As worries on global economic outlook increased due to new tariffs by the US and China taking effect on Sunday, gold prices increased on Monday and kept its strong position despite pulling back due to profit taking later on. First batch of tariffs is expected to affect consumers directly this time as second batch of tit-for-tat tariffs is expected to take effect in Mid-December. On economic data side, data released today showed manufacturing sector contracted for the fourth month in August while Chinese manufacturing unexpectedly expanded. In Eurozone, as manufacturing in France, Italy and Spain recovered slightly in August, Germany’s manufacturing continued to contract, thus bloc’s manufacturing recovered slightly as well. In the UK, manufacturing has seen the sharpest contraction in seven years.
Gold prices hit $1,533 an ounce on Monday due to tit-for-tat tariffs by the US and China taking effect on Sunday but later on, gold’s upside movement was limited by profit taking as well as stronger dollar.
As of 13:08 GMT+3, spot gold was trading at $1,525.72 an ounce while dollar index increased to 99.07.
ANZ analyst Daniel Hynes said on Reuters that new tariffs caused risk-off sentiment in the markets to remain while adding traders wanted to see a restart to trade negotiations with some possible positive outcome before any optimism related to trade war.

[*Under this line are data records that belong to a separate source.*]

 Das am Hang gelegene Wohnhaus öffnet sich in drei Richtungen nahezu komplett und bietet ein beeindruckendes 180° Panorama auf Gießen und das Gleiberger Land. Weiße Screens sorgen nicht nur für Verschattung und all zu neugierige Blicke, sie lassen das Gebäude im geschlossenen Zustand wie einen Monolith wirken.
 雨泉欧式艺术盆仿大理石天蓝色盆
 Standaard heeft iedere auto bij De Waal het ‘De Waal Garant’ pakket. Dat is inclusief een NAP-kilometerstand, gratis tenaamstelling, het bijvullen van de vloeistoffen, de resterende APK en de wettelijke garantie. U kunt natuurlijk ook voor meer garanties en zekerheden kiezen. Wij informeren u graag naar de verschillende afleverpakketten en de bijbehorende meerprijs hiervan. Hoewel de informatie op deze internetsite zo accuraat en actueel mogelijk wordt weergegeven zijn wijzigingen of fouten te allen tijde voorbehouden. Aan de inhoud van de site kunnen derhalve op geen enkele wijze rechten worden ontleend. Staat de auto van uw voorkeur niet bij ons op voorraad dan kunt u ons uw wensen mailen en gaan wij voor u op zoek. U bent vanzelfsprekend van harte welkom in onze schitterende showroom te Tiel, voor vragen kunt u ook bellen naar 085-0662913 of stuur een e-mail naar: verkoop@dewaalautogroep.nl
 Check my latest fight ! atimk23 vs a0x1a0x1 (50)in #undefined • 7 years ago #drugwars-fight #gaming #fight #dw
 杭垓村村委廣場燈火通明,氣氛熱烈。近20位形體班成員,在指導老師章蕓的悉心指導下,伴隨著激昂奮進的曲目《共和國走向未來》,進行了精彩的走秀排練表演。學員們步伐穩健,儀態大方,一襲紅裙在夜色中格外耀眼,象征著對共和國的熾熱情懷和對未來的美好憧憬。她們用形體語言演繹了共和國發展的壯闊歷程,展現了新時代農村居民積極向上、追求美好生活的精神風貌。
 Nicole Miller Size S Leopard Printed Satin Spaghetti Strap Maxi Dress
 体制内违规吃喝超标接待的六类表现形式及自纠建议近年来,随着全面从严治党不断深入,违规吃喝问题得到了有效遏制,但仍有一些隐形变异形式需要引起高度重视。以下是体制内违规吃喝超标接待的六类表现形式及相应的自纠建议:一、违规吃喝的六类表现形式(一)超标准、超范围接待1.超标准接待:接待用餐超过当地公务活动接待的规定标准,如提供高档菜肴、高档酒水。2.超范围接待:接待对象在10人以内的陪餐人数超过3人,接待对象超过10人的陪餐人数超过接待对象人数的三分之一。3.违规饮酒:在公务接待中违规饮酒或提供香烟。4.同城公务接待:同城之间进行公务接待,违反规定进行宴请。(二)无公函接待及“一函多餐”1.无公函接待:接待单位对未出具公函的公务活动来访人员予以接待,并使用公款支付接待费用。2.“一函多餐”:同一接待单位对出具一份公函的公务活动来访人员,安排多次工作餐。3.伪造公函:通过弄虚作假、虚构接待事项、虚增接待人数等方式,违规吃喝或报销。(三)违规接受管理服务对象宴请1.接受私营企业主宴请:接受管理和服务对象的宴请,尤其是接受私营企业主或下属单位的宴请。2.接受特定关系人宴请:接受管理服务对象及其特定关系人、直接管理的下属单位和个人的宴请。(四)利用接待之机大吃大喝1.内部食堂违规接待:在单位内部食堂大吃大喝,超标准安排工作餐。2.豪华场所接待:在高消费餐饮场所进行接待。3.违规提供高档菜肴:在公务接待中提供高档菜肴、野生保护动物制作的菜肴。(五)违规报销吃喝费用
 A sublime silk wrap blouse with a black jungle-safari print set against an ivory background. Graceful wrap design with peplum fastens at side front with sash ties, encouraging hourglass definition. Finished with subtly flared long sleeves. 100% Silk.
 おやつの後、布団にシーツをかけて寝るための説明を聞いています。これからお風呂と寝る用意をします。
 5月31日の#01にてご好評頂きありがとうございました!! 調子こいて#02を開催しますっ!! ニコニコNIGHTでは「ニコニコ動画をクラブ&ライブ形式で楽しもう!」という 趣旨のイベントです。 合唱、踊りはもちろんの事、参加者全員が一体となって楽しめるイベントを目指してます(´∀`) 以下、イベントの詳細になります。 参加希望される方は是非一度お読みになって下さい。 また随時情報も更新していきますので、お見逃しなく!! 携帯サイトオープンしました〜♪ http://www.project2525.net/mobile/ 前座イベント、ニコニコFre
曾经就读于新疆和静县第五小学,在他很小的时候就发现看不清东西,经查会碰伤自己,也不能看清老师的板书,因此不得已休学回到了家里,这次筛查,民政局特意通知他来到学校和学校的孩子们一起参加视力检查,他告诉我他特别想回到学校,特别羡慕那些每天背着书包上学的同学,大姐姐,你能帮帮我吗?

Additional tariffs imposed by the US and China took effect on Sunday and further increased worries on global economic outlook. According to Bloomberg, new 15% US tariffs will affect Chinese goods worth $110 billion and this is expected to impact consumers directly this time. As a retaliation, China also imposed new tariffs ranging from 5% to 10% and first batch took effect on Sunday as well. Chinese Communist Party’s newspaper Global Times wrote on Sunday that new tariffs were turning point in the trade war while adding US superficial prosperity was not sustainable and it was facing a bigger risk of decline.
Data released today showed manufacturing sector in Japan contracted for the fourth month in August. While manufacturing PMI declined from 49.4 to 49.3, slowdown in China and weakening global demand caused production cuts. Moreover, new sales tax hike in October is expected to further increase pressure on the sector.
In China, manufacturing PMI unexpectedly expanded in August and increased to 50.4 from 49.9. As manufacturers’ sentiment continued to remain weak, domestic demand slightly increased but this was mostly due to falling product prices. Furthermore, the recovery in manufacturing is expected to be short-term while downside pressure on Chinese economy will likely remain in the the long term with slowing global economy and weakening demand alongside with trade war with the US.
In Europe, Eurozone’s manufacturing PMI contracted for the seventh month in a row in August due to weak demand dashing optimism. Data showed manufacturing PMI slightly increased to 47 from 46.5 however pessimism remained for upcoming months. European Central Bank is expected to cut the rates this month to stimulate slowing bloc’s economy.
In the UK, manufacturing has seen the sharpest contraction in seven years in August amid political uncertainty and global trade tensions. While weakening domestic and foreign demand was effective in this, UK economy is now facing a risk of recession as the country contracted in the Q2 and will likely contract again in Q3.